Refinancing Your Mortgage in Today's Market
Today's economy and struggling real estate market pose challenges for many homeowners. For those facing adjusting rates, increased mortgage payments, decreased equity, or reduced income, refinancing a mortgage or home loan is one good way to solve some financial worries. With property values falling and companies tightening their belts or even laying off employees, there's no better time to make sure your mortgage meets your current budget and long-term needs.
What Is Refinancing?
When you refinance, you get a new mortgage to replace your existing mortgage. Because you're getting a brand new loan, you usually have to pay title insurance and escrow fees, lender fees, points (optional), appraisal fees, credit reporting fees, and any amounts needed to bring your insurance and tax obligations up to date.
Why Refinance?
Homeowners refinance for many different reasons, but here are some of the most common ones, all at play in today's real estate market.
Refinancing can save money by lowering your interest rate. If the interest rate on your current mortgage is higher than the current market rate, you'll pay less by refinancing.
Refinancing allows you to change loan types. For example, if you have an adjustable rate mortgage, your monthly payment may increase when the rate adjusts. You might want to switch to a fixed rate mortgage, which has a stable payment. (For more information on loan types, read Nolo's article Fixed Rate vs. Adjustable Rate Mortgages.)
Refinancing can lower monthly payments. Even if your interest rate doesn't decrease, a refinance can lower your monthly payments by starting a new loan term. For example, if you took out a 30-year, fixed-rate mortgage for $300,000 ten years ago, you may only owe about $250,000 now. But if you refinance into another 30-year, fixed-rate mortgage for $250,000, you'd have a full 30 years to pay it off, which means each monthly payment will be smaller. (Had you kept your old loan, you'd finish paying it off in 20 years.) The downside of lowering your monthly payments is that you'll pay more interest overall.
Refinancing can help you get cash. With a "cash-out" refinance, you take out a new mortgage for more than you owe on your current mortgage, then walk away with the difference. A cash-out refinance is very hard to get these days, although many homeowners did cash-out refinances to finance home improvements in the past few years. (An alternative that's usually cheaper overall, but requires you to make higher monthly payments, is a home equity loan or home equity line of credit). To do a cash-out refinance, you need significant equity in your home, because the bank probably won't lend you more than the house is worth.
Who Can Refinance?
If you have sufficient equity, you can refinance. A new lender will consider the same factors your original lender did: your income, debt-to-income ratio (how much of your monthly income is spent paying off debts other than the mortgage), your home's value, how much equity you have in your home, and your credit score. If your income has been reduced since you purchased, your home's value has plummeted, you've assumed a lot of new debt, or your credit score has gone down, you may find it difficult to refinance, or you'll at least pay more to do so. (You wouldn't be the first person to get turned down on a refinance despite living in and successfully paying the monthly mortgage on a home.)

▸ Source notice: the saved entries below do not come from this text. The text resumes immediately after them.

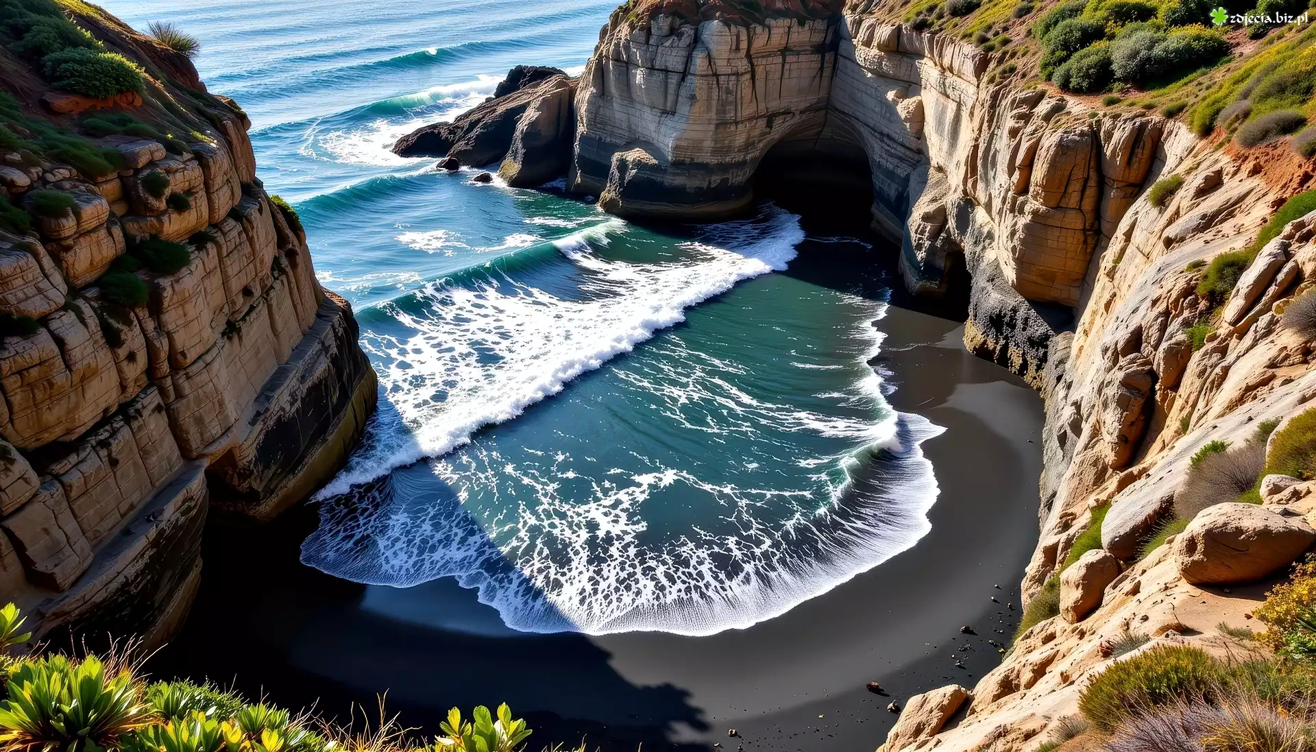 Zdjęcie Morze, Zatoka, Plaża, Klif, Grafika AI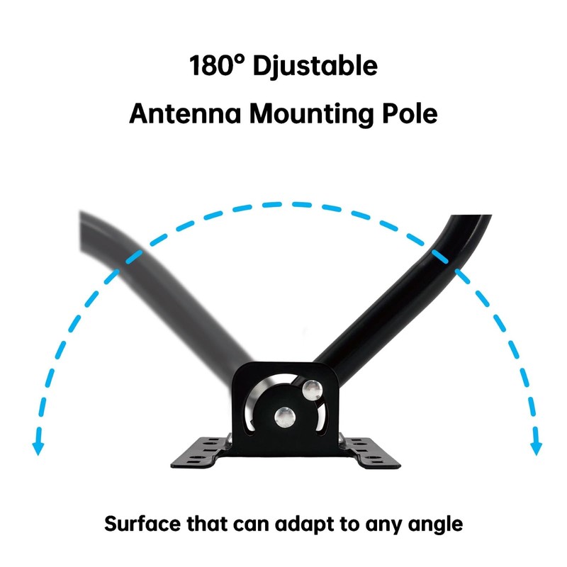 - Adjustable Design: The antenna pole mount bracket is fully adjustable. It can be adjusted up to 180° vertically to achieve the best signal reception, accommodating flat, angled, or vertical positions.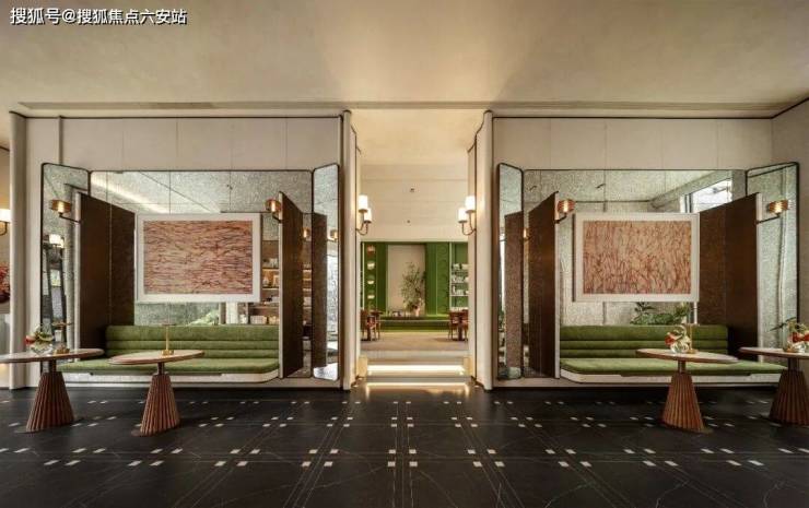 瑰丽元素,成为贯穿全局的风格标识,同款的通高玻璃格栅、泥客石荔枝面墙壁、云石壁灯,以及黑白棕三色石材的几何拼花地板,穿越时空遥相呼应。
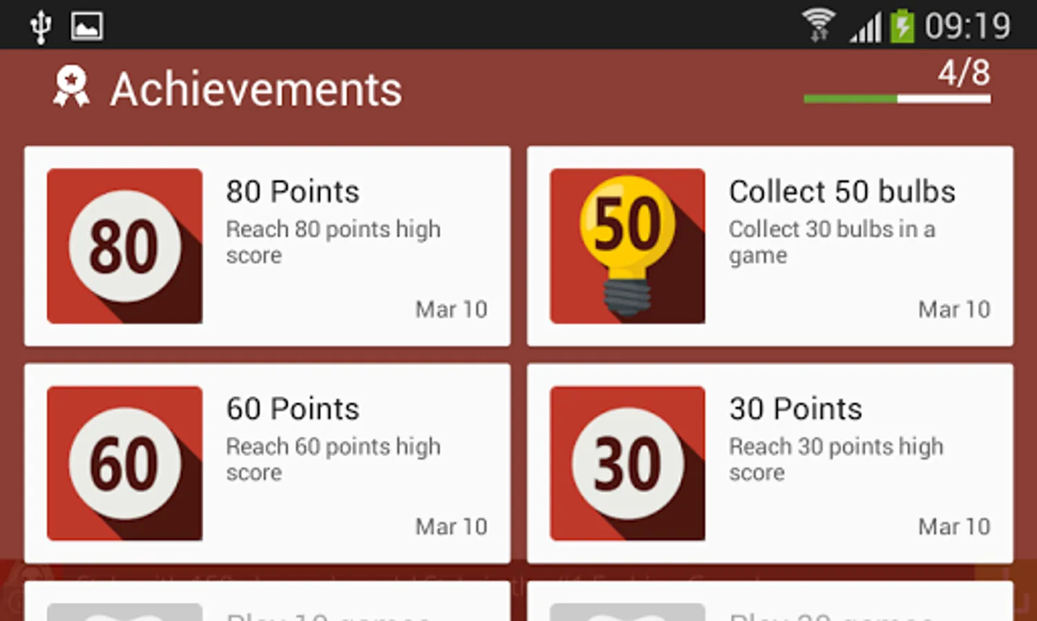 • Google Play Services integration (Leaderboard and 8 achievements).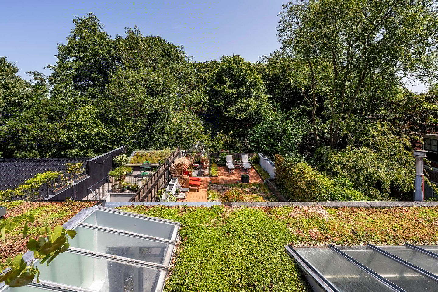 Via de keuken bereik je de fraaie daktuin van circa 75 m², deze grote daktuin is aangelegd met groendak, verschillende terrassen en sfeervolle tuinverlichting. Helemaal achterin staat een tuinkas met automatische beregening. Dankzij de diepte van de tuin geniet je hier de hele dag van de zon, in volledige privacy.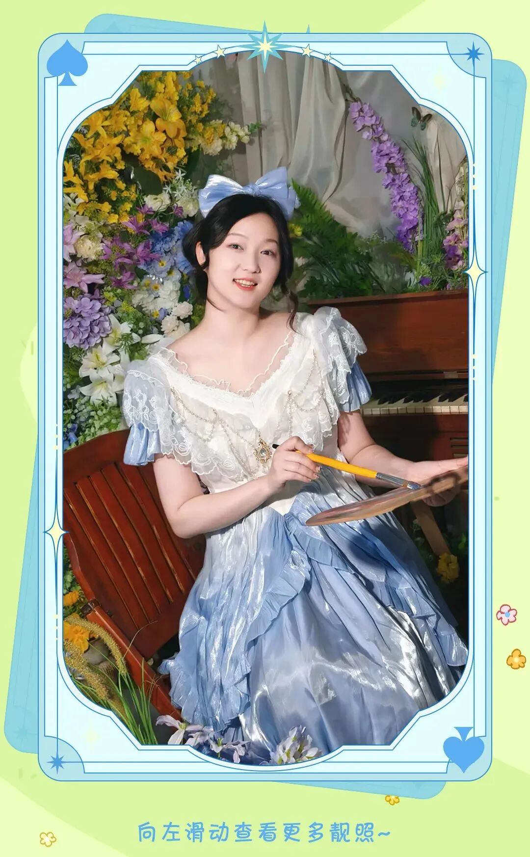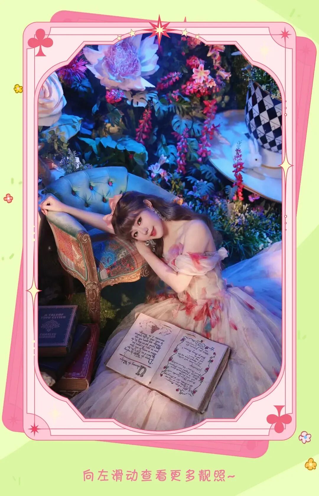 活动当天,穿着Lolita的公主,到活动主背景处找工作人员帮忙拍下美美照片,将有机会获得“抽奖刮刮乐”,刮出精美奖品:花知晓镜子or爱丽丝童话书or彩妆大礼包;没穿Lolita的公主,只要在活动主背景处拍照并分享至朋友圈,同样可以到抽奖区抽取奖品。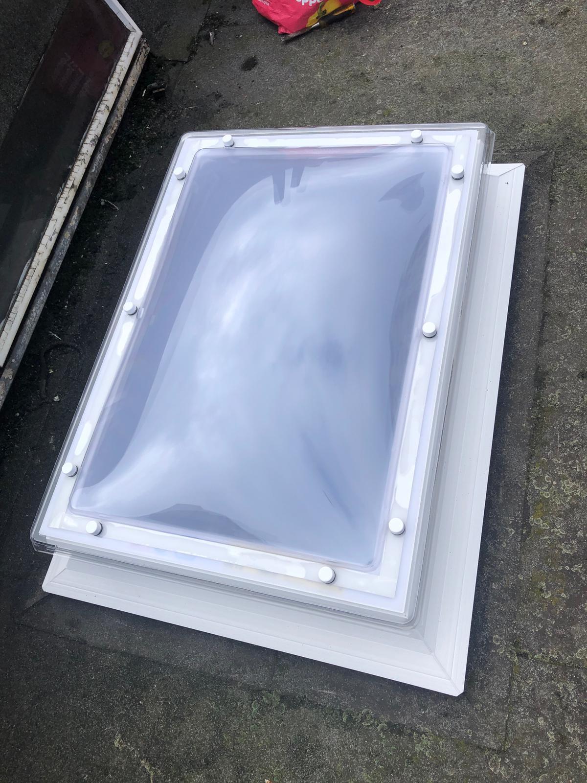 Water Ingress into apartment bathroom via skylight. Skylight was removed and disposed of. The surrounding opening was cleaned and checked for any additional points of ingress. New skylight installed and sealed.
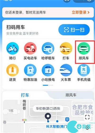 进入哈啰之后,我们找到首页右上角的顺风车功能,点击进入。

The lender will likely require you to have the house appraised. The purpose of the appraisal is to make sure that the value of your home is greater than the loan amount. If you default on the loan and the lender forecloses, it wants to know it can sell your house for more than the existing loan balance.
Special Challenges in Today's Buyers' Market
Refinancing days is much harder than it once was, for a few reasons. Many borrowers have difficulty refinancing because they have insufficient equity, mostly because the value of their property has dipped below what they owe on the mortgage. Compounding this problem is the fact that in recent years, lenders and mortgage brokers offered creative financing strategies that allowed buyers to finance 100% of the purchase price. In those situations, even if buyers have paid down the mortgage, they still have little equity. And lenders have become surprisingly strict about how much they'll lend, usually requiring refinancing homeowners to have at least 5-10% equity in the home.
Another problem is that lenders have made "stated income" loans all but unavailable. With stated income loans, borrowers didn't have to provide independent verification of their income. Instead, the amount they could borrow was based on the income they claimed to have (hence their nickname, "liar loans"). These were intended for people who had a hard time verifying income, such as the self-employed. But in recent years, borrowers used stated income loans to artificially inflate their income to qualify for bigger mortgages. Unless their income or equity have increased substantially, borrowers currently holding this type of loan will have a hard time qualifying for more traditional refinance mortgages for similar amounts.